Group of lakes in the South Island of New Zealand

Māori Lakes (Ōtūwharekai) are a group of small and shallow high-country lakes located in inland Canterbury in the South Island of New Zealand. They lie within an area of 288 ha of wetland that is protected as the Māori Lakes Nature Reserve, and designated as a wildlife refuge, under s.14 of the Wildlife Act 1953. The lakes have a maximum depth of 0.8 m. The lakes are a popular location for photography, and are known for birdlife, with common waterfowl such as ducks and swans.
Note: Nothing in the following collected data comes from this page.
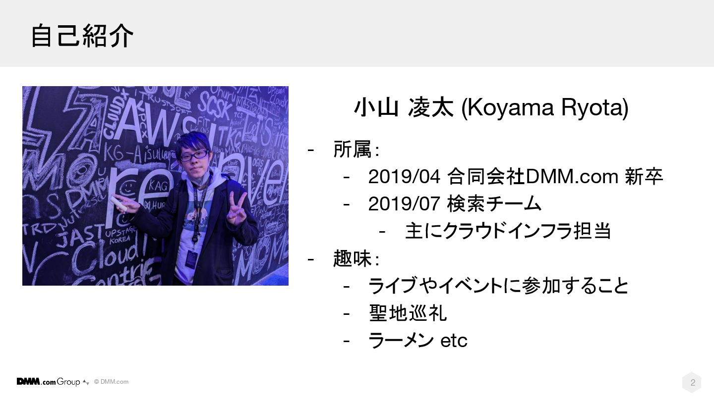- 2019/07 検索チーム - 主にクラウドインフラ担当 - 趣味: - ライブやイベントに参加すること - 聖地巡礼 - ラーメン etc 小山 凌太 (Koyama Ryota)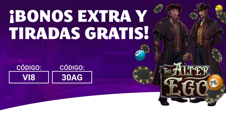 - El usuario que realice un depósito de 30€ o más con el código 30AG conseguirá un 50% extra hasta recibir un máximo de 30€ en Bono Casino y 10 Tiradas Gratis en la slot The Alter Ego.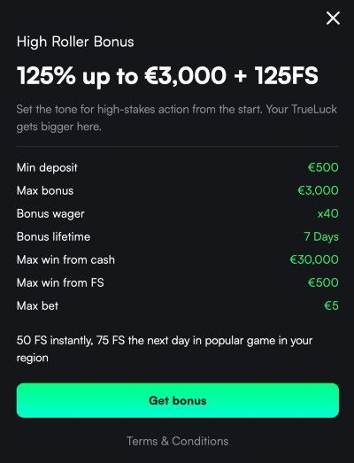 TrueLuck doesn't merely welcome newcomers; it envelops them with exceptionally appealing offers. New players can select from two exciting welcome packages: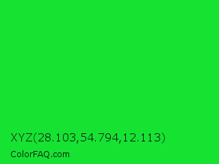 XYZ 28.103,54.794,12.113 Color is a normal green color and the nearest color is Vivid Malachite #00cc33. Hex code #16e232 and RGB value is rgb(22,226,50). In RGB color space, this color is composed of 9% red, 89% green, 20% blue, In CMYK color space, this color is composed of 90% cyan, 0% magenta, 78% yellow , 11% black , In HSL color space, this color has a hue angle of 128° , 82% saturation and 49% lightness.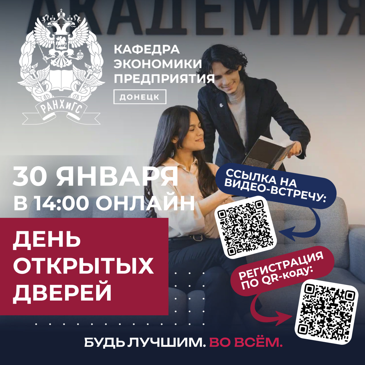 30 января 2026 года в 14:00 кафедра экономики предприятия Донецкого филиала Президентской академии приглашает вас посетить День открытых дверей.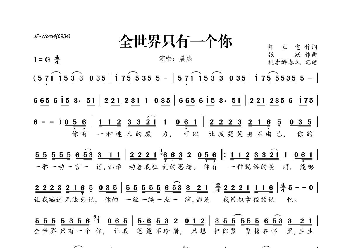 《全世界只有一个你》是晨熙演唱的一首歌曲,拍号为4/4拍,这份简谱共有一张高清图谱,图谱由 @桃李醉春风 编配上传。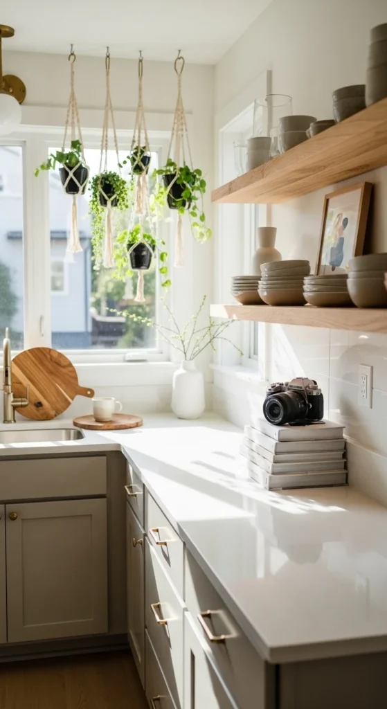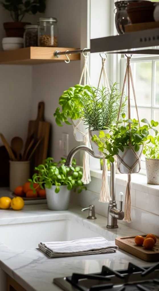 Hanging planters free up counter space while adding greenery. DIY using macrame or recycled containers. Fresh herbs improve cooking convenience and bring life to the kitchen. Placement near sunlight ensures growth and adds natural charm. Hanging planters are budget-friendly and visually appealing.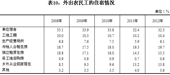以受雇形式從業(yè)的農(nóng)民工,在單位宿舍中居住的占32.3%,在工地或工棚居住的占10.4%,在生產(chǎn)經(jīng)營場所居住的占6.1%,與他人合租住房的占19.7%,獨(dú)立租賃住房的占13.5%,有13.8%的外出農(nóng)民工在鄉(xiāng)鎮(zhèn)以外從業(yè)但每天回家居住,僅有0.6%的外出農(nóng)民工在務(wù)工地自購房。從近幾年外出農(nóng)民工居住情況的變化看,呈現(xiàn)出與他人合租住房比重上升、獨(dú)立租賃住房比重下降的趨勢,另一明顯變化態(tài)勢是務(wù)工地自購房比重下降、鄉(xiāng)外從業(yè)回家居住比重上升。

However, rare species have also been sighted there, including Australasian bittern, marsh crake, great crested grebe and the white heron (kōtuku).

The Māori Lakes are part of the wider Ashburton Lakes region (also known as Ōtūwharekai), an area of cultural importance to the iwi Ngāi Tahu because the lakes were a significant food-gathering area and also on a main route for travel between the east and west coasts of the South Island (Te Waipounamu).

The Māori Lakes can be accessed from the Hakatere Heron road, and are approximately 31 km west of Mount Somers. The Te Araroa trail passes around the east and southeast boundaries of the Māori Lakes wetland.

A case study report published by the Ministry for the Environment in 2023 reported that all the Ōtūwharekai / Ashburton Lakes were nutrient-enriched, with some at risk of deteriorating further into severe eutrophic states, changing from clear water with vegetation, to turbid algae-dominated water. The study reported that pastoral farming was the source for more than 90% of nutrients.